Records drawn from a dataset
:::::

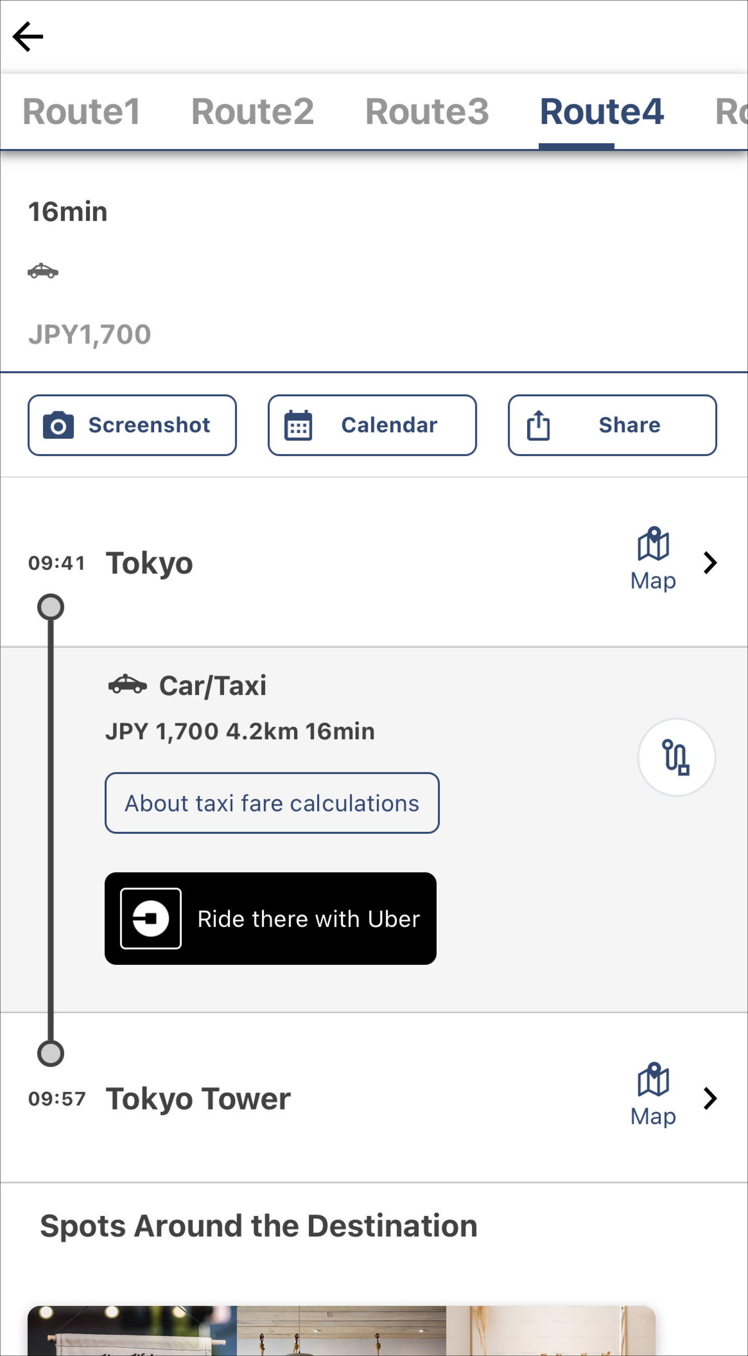 今回の連携により、『Japan Travel by NAVITIME』のルート結果から、「Uber」に対応したタクシーの配車ができるようになります。
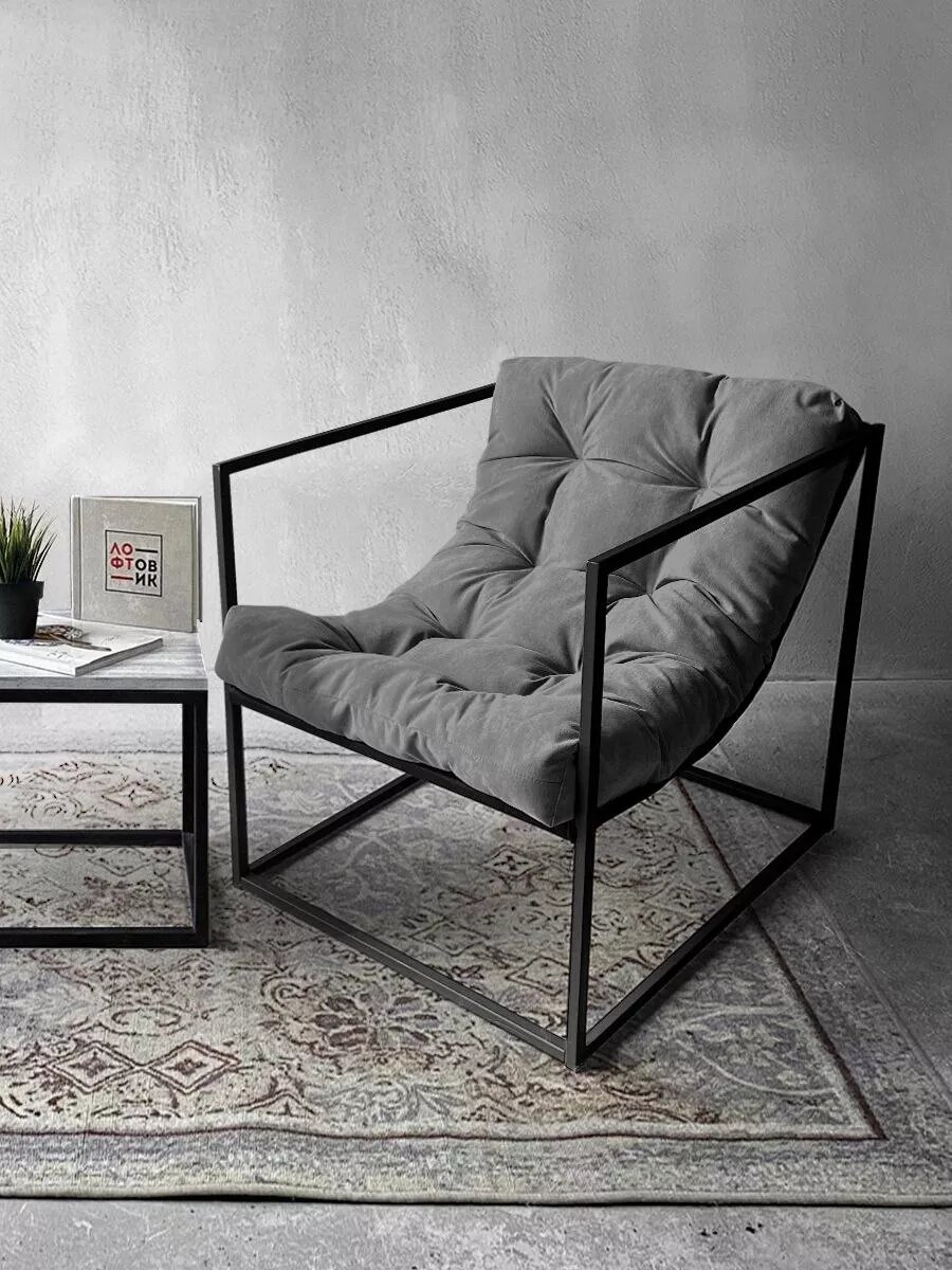 Кресло мягкое удобное для отдыха, уличное, на балкон, на веранду, в стиле лофт, минимализм, Лофтовик + Серый велюр 6 700 ₽
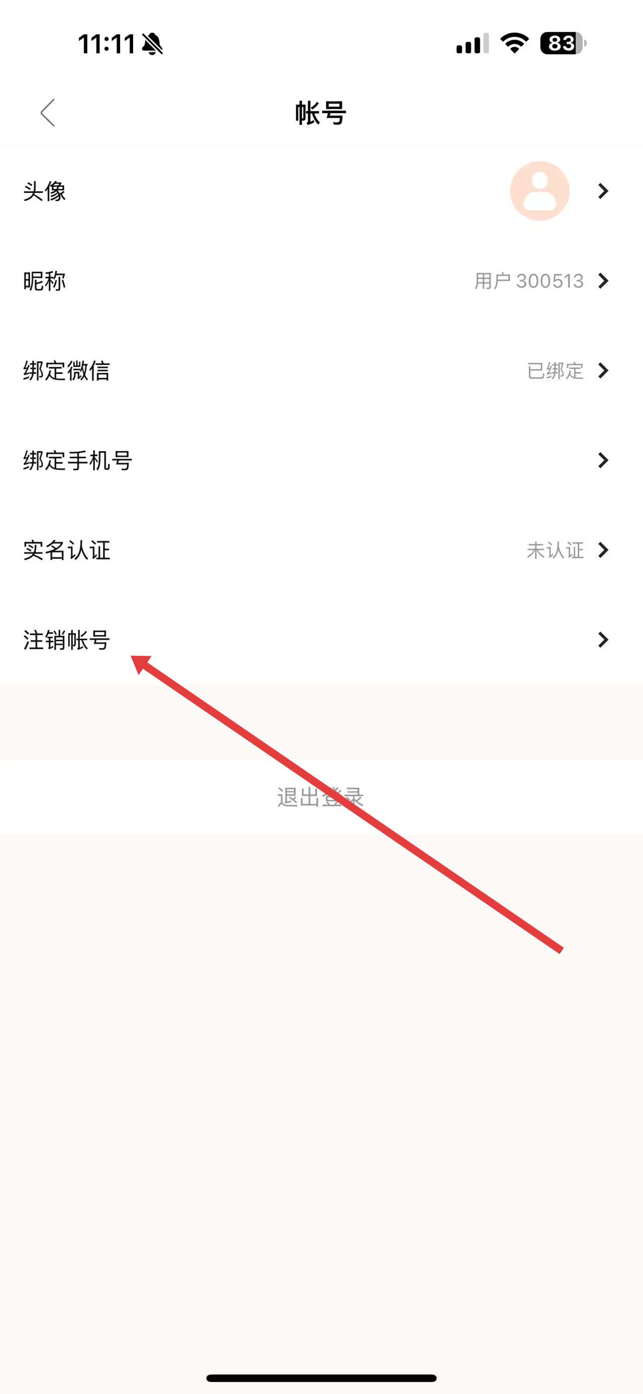 3、在帳號設置界面里,找到并點擊注銷帳號選項。
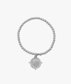 The Rosario chain is a rosary bead inspired chain. The beaded detail along its length brings more attention to this delicate necklace, which includes an authentic Australian threepence. The coin is encased in a sterling silver compass style frame.
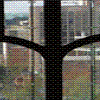 Window at the Canadian Museum of Nature, OttawaA multiplicity of views. In the foreground, the stone framework of one of the windows of the original Victoria Memorial Museum Building, constructed in the early 20th century. In the background, the glass of the new tower, called the Lantern, constructed in 2010. And floating in the open space of the lantern, a large inflated blue whale. View looking north along Metcalfe Street. October 2012 More information on the Museum.
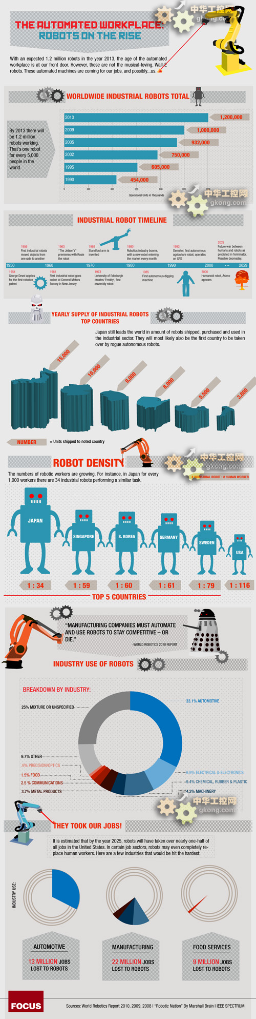 作zuo為wei一yi個ge機ji器qi人ren行xing業ye的de從cong業ye人ren員yuan,筆bi者zhe相xiang信xin機ji器qi人ren會hui改gai變bian這zhe個ge社she會hui的de發fa展zhan。機ji器qi人ren隻zhi是shi另ling外wai一yi種zhong自zi動dong化hua的de工gong具ju,它ta設she計ji之zhi初chu的de目mu的de是shi為wei代dai替ti人ren類lei做zuo那na些xie危wei險xian,髒zang亂luan,枯ku燥zao及ji一yi些xie人ren類lei不bu適shi宜yi做zuo的de工gong作zuo的de。比bi如ru在zai鑄zhu造zao車che間jian,高gao溫wen下xia鑄zhu件jian的de取qu放fang操cao作zuo;半導體車間晶圓的處理;太陽能矽片的的化學清洗(有HF等強酸性化學物品)等都是不適宜人類操作的,這種應用在像日本美國新加坡這樣的國家,大量的用機器人來代替人來作業。
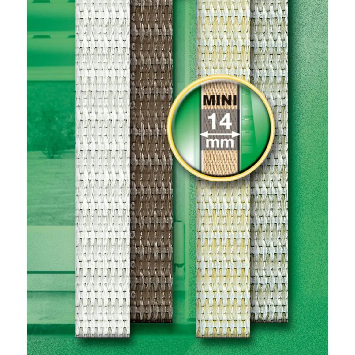 Die Schellenberg Rollladengurte des Systems „Mini“ haben eine Breite von 14 mm und lassen sich bequem und einfach in die Schellenberg Rollladen-Lösungen des Systems „Mini“ integrieren. Sie eignen sich für die händische Bedienung von Rollläden an Fenstern und Türen.
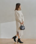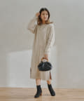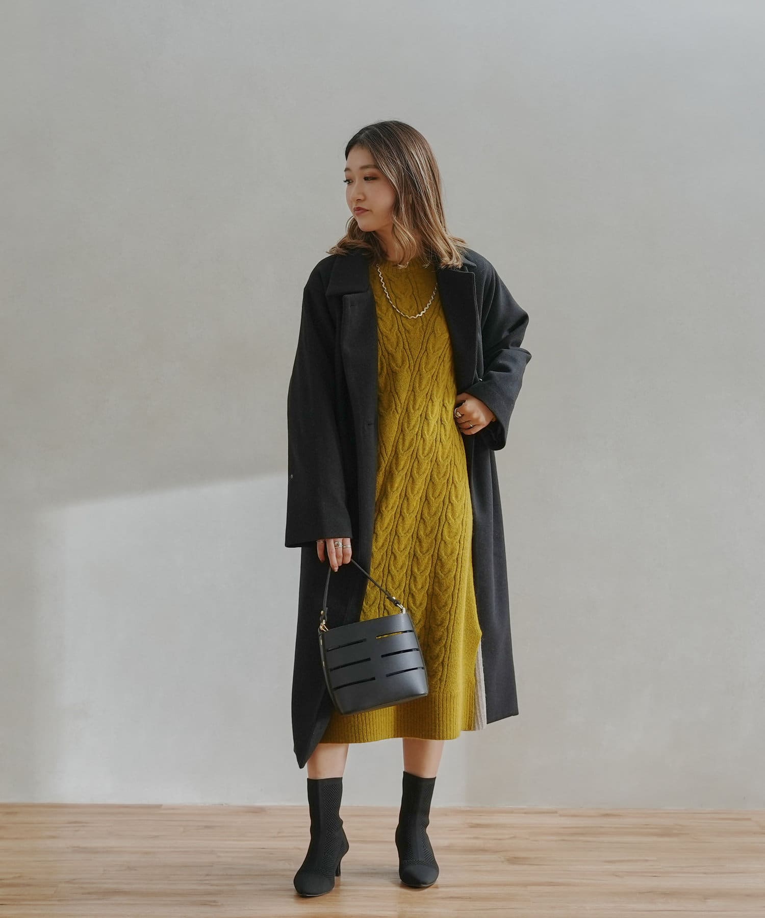 ・着丈長めのニットワンピースなので、一枚でコーディネートが完成する時短アイテム
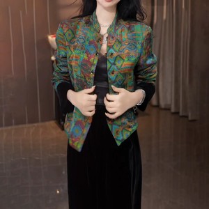 新中式国风高档盘扣黑色外套女2025秋季新款复古印花时尚宽松上衣
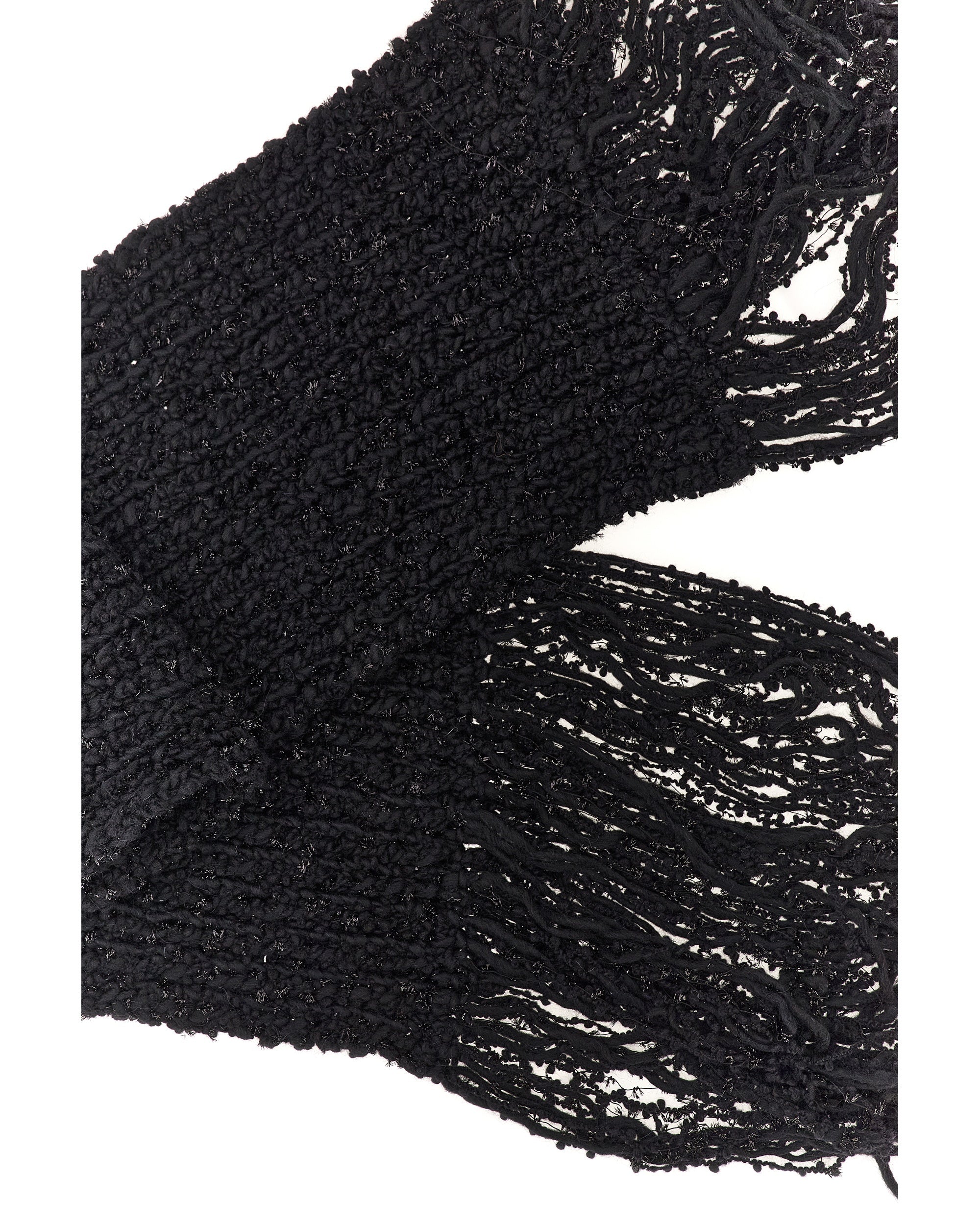 Wool scarf with fringing: • Handmade • Made in Italy External composition: 45% Virgin Wool 20% Polyamide 15% Metallic Polyester 10% Acrylic 10% Alpaca
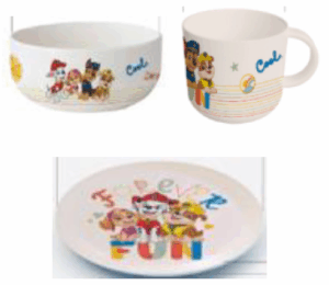 PLU 620733 keramikas krūze230 ml. lic. Paw Patrol KIDS PLU 620734 keramikas bļoda540 ml. lic. Paw Patrol KIDS PLU 620736 keramikas šķīvis19cm lic. Paw Patrol KIDS
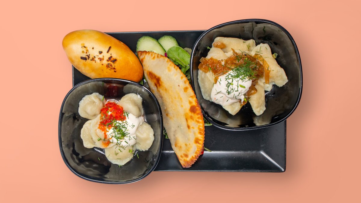 ab 2 Personen, mit Tscheburek vom Rind, Piroschok deiner Wahl, Pelmeni, Wareniki und Salat
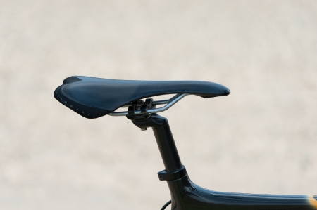 Bicycle saddle-back view and very selective focus.Useful image to promote a bicycle race or a healthy lifestyle concept.
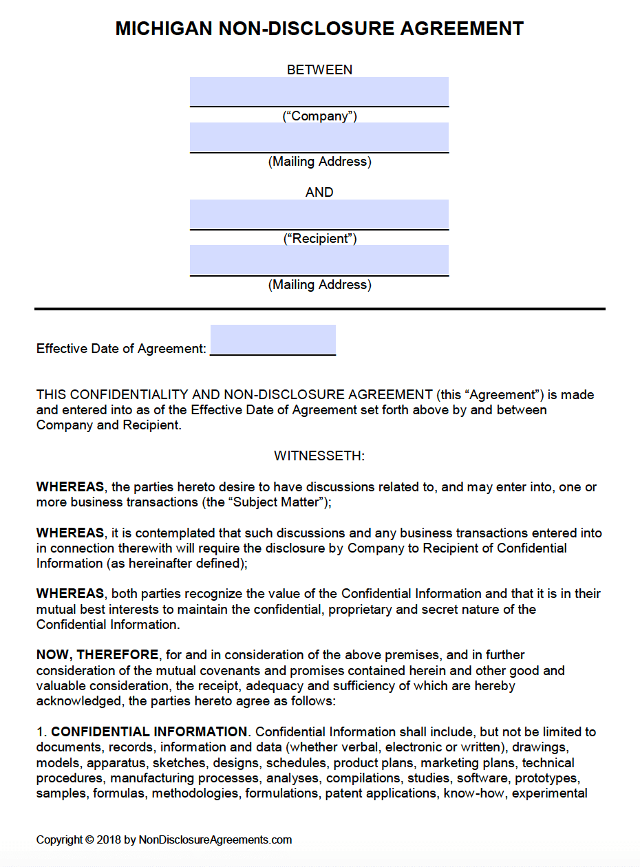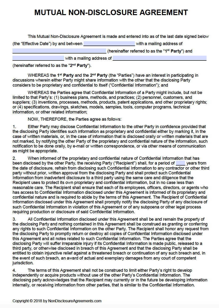 Free Mutual Non Disclosure Agreement NDA Template PDF Word
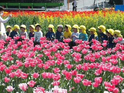 春、チューリップ畑と玉水保育園の子どもたち
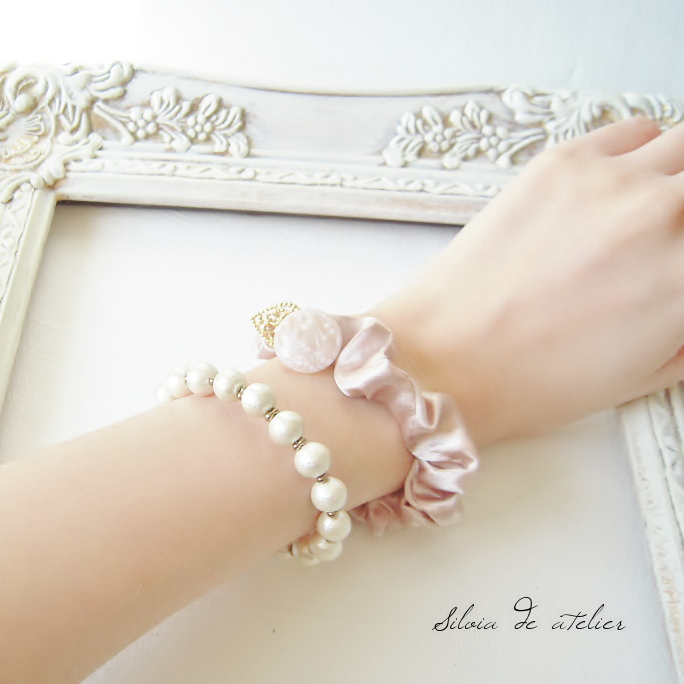 チェコボタン ベージュ付 ピンクベージュサテン シュシュ(ヘアアクセサリー) [O0107]

:::::

_WORK ORDER_. Omitting all images, retype each line of the records precisely.

_RESPONSE FOR THIS EXERCISE_.
 今回の連携により、『Japan Travel by NAVITIME』のルート結果から、「Uber」に対応したタクシーの配車ができるようになります。
 Кресло мягкое удобное для отдыха, уличное, на балкон, на веранду, в стиле лофт, минимализм, Лофтовик + Серый велюр 6 700 ₽
 3、在帳號設置界面里,找到并點擊注銷帳號選項。
 The Rosario chain is a rosary bead inspired chain. The beaded detail along its length brings more attention to this delicate necklace, which includes an authentic Australian threepence. The coin is encased in a sterling silver compass style frame.
 Window at the Canadian Museum of Nature, OttawaA multiplicity of views. In the foreground, the stone framework of one of the windows of the original Victoria Memorial Museum Building, constructed in the early 20th century. In the background, the glass of the new tower, called the Lantern, constructed in 2010. And floating in the open space of the lantern, a large inflated blue whale. View looking north along Metcalfe Street. October 2012 More information on the Museum.
 作zuo為wei一yi個ge機ji器qi人ren行xing業ye的de從cong業ye人ren員yuan,筆bi者zhe相xiang信xin機ji器qi人ren會hui改gai變bian這zhe個ge社she會hui的de發fa展zhan。機ji器qi人ren隻zhi是shi另ling外wai一yi種zhong自zi動dong化hua的de工gong具ju,它ta設she計ji之zhi初chu的de目mu的de是shi為wei代dai替ti人ren類lei做zuo那na些xie危wei險xian,髒zang亂luan,枯ku燥zao及ji一yi些xie人ren類lei不bu適shi宜yi做zuo的de工gong作zuo的de。比bi如ru在zai鑄zhu造zao車che間jian,高gao溫wen下xia鑄zhu件jian的de取qu放fang操cao作zuo;半導體車間晶圓的處理;太陽能矽片的的化學清洗(有HF等強酸性化學物品)等都是不適宜人類操作的,這種應用在像日本美國新加坡這樣的國家,大量的用機器人來代替人來作業。
 Die Schellenberg Rollladengurte des Systems „Mini“ haben eine Breite von 14 mm und lassen sich bequem und einfach in die Schellenberg Rollladen-Lösungen des Systems „Mini“ integrieren. Sie eignen sich für die händische Bedienung von Rollläden an Fenstern und Türen.
 ・着丈長めのニットワンピースなので、一枚でコーディネートが完成する時短アイテム
 新中式国风高档盘扣黑色外套女2025秋季新款复古印花时尚宽松上衣
 Wool scarf with fringing: • Handmade • Made in Italy External composition: 45% Virgin Wool 20% Polyamide 15% Metallic Polyester 10% Acrylic 10% Alpaca
 PLU 620733 keramikas krūze230 ml. lic. Paw Patrol KIDS PLU 620734 keramikas bļoda540 ml. lic. Paw Patrol KIDS PLU 620736 keramikas šķīvis19cm lic. Paw Patrol KIDS
 ab 2 Personen, mit Tscheburek vom Rind, Piroschok deiner Wahl, Pelmeni, Wareniki und Salat
 Bicycle saddle-back view and very selective focus.Useful image to promote a bicycle race or a healthy lifestyle concept.
 Free Mutual Non Disclosure Agreement NDA Template PDF Word
 春、チューリップ畑と玉水保育園の子どもたち
 チェコボタン ベージュ付 ピンクベージュサテン シュシュ(ヘアアクセサリー) [O0107]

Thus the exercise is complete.